This work addresses the limitations of existing skeleton-based action segmentation methods, which often neglect the physical dynamics of human motion and consequently struggle to distinguish actions with similar kinematics but differing dynamic intentions, while also exhibiting imprecise boundary localization. To overcome these issues, this study is the first to explicitly incorporate Lagrangian dynamics into the task by modeling generalized coordinates and generalized forces, and introduces an energy consistency loss to enforce physical plausibility. Furthermore, a dynamics-driven spatiotemporal modulation mechanism is proposed to enhance both action semantic discriminability and boundary awareness. Extensive experiments on multiple challenging benchmarks demonstrate state-of-the-art performance, validating the effectiveness of integrating physical dynamics for improving segmentation accuracy.

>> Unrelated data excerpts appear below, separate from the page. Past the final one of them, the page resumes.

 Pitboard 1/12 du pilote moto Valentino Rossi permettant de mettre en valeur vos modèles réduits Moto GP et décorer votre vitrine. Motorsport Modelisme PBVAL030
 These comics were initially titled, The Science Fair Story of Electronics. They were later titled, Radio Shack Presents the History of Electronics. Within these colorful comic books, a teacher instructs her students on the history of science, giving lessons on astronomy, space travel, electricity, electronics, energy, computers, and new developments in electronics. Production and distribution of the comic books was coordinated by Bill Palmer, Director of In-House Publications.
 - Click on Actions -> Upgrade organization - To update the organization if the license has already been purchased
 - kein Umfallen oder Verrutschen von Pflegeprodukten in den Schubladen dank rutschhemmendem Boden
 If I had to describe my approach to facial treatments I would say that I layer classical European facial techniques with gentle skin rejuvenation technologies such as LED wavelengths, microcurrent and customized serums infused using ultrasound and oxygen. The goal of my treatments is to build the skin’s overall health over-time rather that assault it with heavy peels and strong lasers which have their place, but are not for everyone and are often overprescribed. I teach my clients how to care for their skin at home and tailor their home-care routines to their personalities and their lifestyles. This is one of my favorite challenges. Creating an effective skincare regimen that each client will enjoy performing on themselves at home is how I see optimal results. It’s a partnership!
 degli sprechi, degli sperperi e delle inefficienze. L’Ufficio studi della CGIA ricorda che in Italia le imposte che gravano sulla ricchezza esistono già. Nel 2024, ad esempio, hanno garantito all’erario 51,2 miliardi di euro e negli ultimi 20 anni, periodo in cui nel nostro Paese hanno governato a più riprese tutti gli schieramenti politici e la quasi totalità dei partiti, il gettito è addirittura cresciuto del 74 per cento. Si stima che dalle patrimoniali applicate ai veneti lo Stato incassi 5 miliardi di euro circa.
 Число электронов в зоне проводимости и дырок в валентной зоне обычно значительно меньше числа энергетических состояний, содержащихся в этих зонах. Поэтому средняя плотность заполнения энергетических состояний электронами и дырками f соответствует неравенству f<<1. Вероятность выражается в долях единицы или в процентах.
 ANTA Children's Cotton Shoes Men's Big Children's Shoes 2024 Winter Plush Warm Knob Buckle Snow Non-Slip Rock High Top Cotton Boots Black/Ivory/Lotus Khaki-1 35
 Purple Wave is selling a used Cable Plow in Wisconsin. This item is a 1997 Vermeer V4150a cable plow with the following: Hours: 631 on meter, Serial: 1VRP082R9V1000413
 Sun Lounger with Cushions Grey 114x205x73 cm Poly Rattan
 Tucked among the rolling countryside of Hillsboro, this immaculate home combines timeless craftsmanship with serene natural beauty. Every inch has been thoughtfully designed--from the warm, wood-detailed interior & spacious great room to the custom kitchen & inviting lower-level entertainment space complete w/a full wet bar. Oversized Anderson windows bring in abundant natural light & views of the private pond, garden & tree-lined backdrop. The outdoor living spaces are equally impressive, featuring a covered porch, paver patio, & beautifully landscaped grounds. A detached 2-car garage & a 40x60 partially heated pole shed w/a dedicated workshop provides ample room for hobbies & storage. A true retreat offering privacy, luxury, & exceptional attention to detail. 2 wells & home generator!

Skeleton-based Temporal Action Segmentation (STAS) aims to densely parse untrimmed skeletal sequences into frame-level action categories. However, existing methods, while proficient at capturing spatio-temporal kinematics, neglect the underlying physical dynamics that govern human motion. This oversight limits inter-class discriminability between actions with similar kinematics but distinct dynamic intents, and hinders precise boundary localization where dynamic force profiles shift. To address these, we propose the Lagrangian-Dynamic Informed Network (LaDy), a framework integrating principles of Lagrangian dynamics into the segmentation process. Specifically, LaDy first computes generalized coordinates from joint positions and then estimates Lagrangian terms under physical constraints to explicitly synthesize the generalized forces. To further ensure physical coherence, our Energy Consistency Loss enforces the work-energy theorem, aligning kinetic energy change with the work done by the net force. The learned dynamics then drive a Spatio-Temporal Modulation module: Spatially, generalized forces are fused with spatial representations to provide more discriminative semantics. Temporally, salient dynamic signals are constructed for temporal gating, thereby significantly enhancing boundary awareness. Experiments on challenging datasets show that LaDy achieves state-of-the-art performance, validating the integration of physical dynamics for action segmentation. Code is available at https://github.com/HaoyuJi/LaDy.